### SOURCE MATERIAL:
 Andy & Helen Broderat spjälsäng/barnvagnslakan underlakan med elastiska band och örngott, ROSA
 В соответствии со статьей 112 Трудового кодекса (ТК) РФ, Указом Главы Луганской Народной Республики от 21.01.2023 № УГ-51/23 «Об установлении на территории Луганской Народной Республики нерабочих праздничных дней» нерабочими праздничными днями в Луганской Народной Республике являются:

...

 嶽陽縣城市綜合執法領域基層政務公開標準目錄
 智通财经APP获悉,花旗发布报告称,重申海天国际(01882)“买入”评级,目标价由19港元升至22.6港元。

### WHAT IS BEING ASKED:
Take the stretch of lines above from the one containing "嶽陽縣城市綜合執法領域基層政務公開標準目錄" through the one containing "智通财经APP获悉,花旗发布" and repeat it exactly, adding no other line.

### OUTPUT FOR THIS EXERCISE:
 嶽陽縣城市綜合執法領域基層政務公開標準目錄
 智通财经APP获悉,花旗发布报告称,重申海天国际(01882)“买入”评级,目标价由19港元升至22.6港元。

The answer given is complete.